**Work to be completed**
Look below for the line with "Cheap Piano Brand"; begin the copy there and stop after the line with "Tak wygląda pies", keeping the text exact and the pictures out.

**Records supplied**
-- Opening Marker --

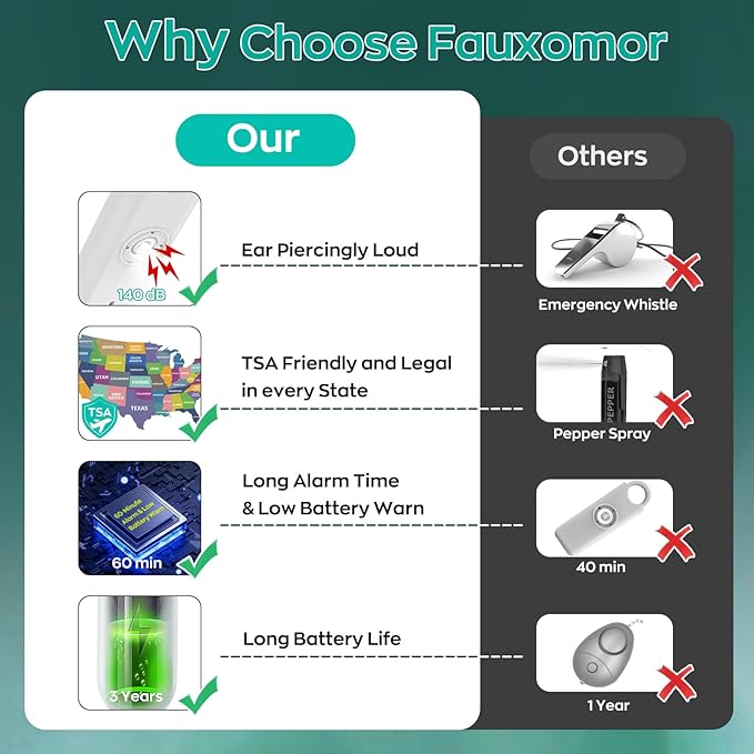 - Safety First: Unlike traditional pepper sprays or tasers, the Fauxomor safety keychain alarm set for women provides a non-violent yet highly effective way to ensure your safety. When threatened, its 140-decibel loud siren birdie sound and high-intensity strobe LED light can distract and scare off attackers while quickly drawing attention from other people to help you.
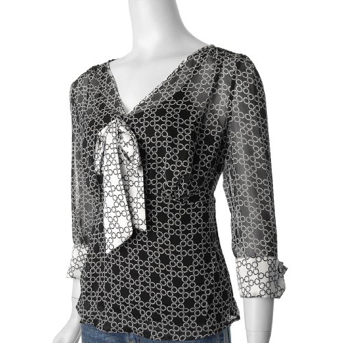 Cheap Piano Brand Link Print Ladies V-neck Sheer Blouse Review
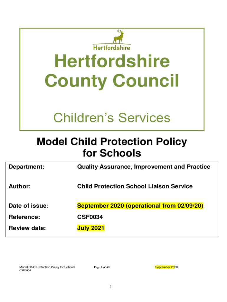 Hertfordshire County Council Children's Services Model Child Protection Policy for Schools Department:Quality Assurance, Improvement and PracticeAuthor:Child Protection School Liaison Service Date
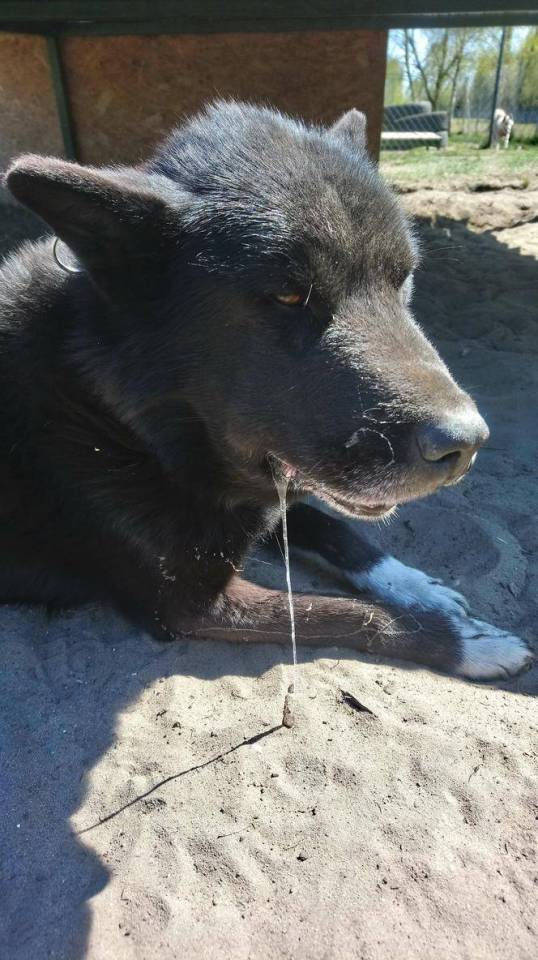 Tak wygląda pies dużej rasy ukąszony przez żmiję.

-- Closing Marker --
-- Opening Marker --

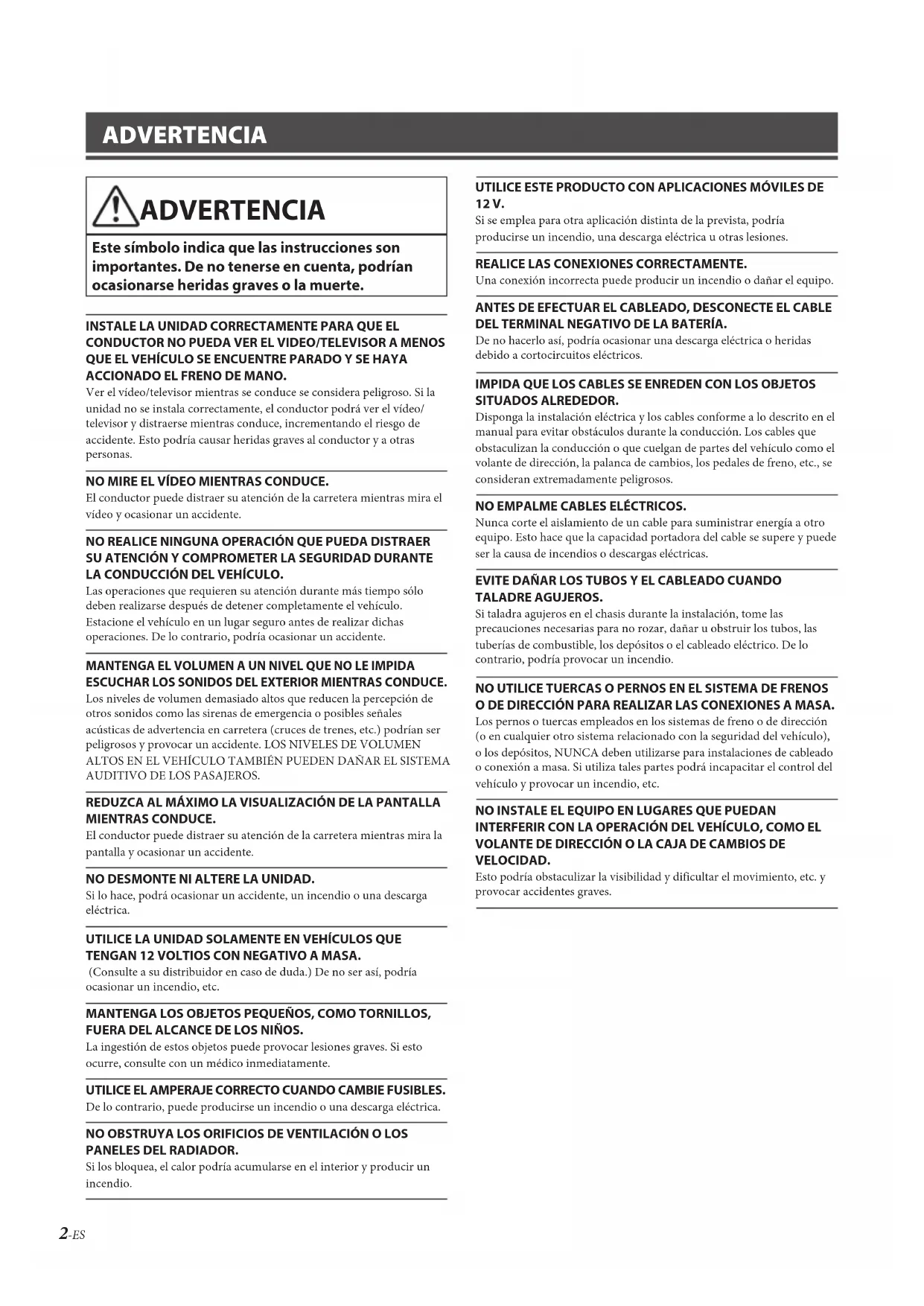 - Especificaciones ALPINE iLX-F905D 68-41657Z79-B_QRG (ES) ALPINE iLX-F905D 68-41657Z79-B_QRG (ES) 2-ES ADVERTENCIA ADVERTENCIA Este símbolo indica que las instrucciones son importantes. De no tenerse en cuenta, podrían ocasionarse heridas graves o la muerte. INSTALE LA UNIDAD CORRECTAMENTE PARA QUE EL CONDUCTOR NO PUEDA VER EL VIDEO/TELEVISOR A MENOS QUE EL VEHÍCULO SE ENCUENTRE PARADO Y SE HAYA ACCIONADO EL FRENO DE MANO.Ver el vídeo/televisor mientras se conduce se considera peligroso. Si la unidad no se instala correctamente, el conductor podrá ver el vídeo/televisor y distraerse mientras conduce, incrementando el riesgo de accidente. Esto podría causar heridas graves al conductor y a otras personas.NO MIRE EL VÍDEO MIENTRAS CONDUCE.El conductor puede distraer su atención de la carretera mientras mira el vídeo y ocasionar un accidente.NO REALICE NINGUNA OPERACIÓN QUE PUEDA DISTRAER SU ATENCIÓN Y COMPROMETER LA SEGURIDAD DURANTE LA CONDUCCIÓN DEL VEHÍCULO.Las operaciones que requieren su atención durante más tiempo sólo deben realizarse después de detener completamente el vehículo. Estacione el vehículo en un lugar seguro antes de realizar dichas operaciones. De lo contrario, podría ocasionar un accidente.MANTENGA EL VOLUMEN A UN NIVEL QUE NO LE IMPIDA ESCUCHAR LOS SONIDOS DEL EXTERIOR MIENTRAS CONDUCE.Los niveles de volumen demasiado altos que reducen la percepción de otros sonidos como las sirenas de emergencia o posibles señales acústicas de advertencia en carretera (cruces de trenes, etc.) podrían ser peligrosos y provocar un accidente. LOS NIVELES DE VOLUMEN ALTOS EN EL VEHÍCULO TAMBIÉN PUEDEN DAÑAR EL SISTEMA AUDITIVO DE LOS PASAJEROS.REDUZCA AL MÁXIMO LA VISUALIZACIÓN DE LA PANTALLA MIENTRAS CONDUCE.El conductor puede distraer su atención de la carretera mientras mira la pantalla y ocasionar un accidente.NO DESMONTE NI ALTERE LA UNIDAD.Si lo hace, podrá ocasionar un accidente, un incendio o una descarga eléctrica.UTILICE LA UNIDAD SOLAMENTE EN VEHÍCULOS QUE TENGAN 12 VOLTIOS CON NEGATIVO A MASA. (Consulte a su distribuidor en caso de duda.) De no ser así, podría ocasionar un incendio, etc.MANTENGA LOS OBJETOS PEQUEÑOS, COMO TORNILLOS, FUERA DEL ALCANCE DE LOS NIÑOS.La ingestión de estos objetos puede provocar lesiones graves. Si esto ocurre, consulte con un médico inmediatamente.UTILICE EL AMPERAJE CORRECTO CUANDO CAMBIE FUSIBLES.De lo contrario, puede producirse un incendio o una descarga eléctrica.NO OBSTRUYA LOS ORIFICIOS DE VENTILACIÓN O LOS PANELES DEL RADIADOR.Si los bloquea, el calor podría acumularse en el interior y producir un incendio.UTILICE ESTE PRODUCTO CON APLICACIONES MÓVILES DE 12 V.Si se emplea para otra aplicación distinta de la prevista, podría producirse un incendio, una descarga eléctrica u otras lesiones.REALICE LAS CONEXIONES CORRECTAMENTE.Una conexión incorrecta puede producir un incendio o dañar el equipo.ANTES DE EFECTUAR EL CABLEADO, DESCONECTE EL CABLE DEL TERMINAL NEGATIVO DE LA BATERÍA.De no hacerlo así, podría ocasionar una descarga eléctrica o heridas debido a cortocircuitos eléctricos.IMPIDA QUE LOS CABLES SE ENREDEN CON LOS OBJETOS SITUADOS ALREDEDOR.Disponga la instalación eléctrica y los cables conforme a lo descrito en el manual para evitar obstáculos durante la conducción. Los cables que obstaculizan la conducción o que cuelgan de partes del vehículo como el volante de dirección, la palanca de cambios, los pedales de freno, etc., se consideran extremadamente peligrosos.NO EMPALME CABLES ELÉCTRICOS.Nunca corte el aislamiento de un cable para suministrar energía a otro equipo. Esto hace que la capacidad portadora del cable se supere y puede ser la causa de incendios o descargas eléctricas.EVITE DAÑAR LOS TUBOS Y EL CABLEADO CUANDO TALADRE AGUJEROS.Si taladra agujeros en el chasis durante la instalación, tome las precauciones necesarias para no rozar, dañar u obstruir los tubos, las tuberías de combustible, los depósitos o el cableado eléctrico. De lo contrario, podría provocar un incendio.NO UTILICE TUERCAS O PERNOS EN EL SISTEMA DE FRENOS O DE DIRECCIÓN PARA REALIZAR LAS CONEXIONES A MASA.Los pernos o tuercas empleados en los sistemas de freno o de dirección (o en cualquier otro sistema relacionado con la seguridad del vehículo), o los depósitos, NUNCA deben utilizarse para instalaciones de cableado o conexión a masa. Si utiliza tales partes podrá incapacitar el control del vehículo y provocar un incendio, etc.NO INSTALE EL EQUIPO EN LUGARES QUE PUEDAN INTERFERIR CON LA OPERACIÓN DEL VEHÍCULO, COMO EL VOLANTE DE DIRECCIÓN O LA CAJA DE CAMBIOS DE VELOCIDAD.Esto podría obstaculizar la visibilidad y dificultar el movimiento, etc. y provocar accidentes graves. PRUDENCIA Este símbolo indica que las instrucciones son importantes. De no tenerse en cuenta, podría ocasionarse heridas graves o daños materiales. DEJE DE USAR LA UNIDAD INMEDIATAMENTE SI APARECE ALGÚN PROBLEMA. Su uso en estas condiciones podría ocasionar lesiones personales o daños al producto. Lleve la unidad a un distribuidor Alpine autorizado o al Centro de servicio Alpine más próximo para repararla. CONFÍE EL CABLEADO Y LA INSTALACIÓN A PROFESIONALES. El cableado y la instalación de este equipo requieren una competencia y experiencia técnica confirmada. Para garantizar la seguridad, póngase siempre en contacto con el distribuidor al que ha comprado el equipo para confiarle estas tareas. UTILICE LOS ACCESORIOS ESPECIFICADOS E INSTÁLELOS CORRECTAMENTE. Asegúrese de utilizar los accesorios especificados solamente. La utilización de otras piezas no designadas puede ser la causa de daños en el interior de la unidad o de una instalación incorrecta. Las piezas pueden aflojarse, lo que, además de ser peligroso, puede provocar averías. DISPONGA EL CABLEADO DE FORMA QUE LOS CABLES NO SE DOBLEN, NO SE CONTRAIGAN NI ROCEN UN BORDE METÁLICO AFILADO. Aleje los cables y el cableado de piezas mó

-- Closing Marker --

**Answer to this exercise**
 Cheap Piano Brand Link Print Ladies V-neck Sheer Blouse Review
 Hertfordshire County Council Children's Services Model Child Protection Policy for Schools Department:Quality Assurance, Improvement and PracticeAuthor:Child Protection School Liaison Service Date
 Tak wygląda pies dużej rasy ukąszony przez żmiję.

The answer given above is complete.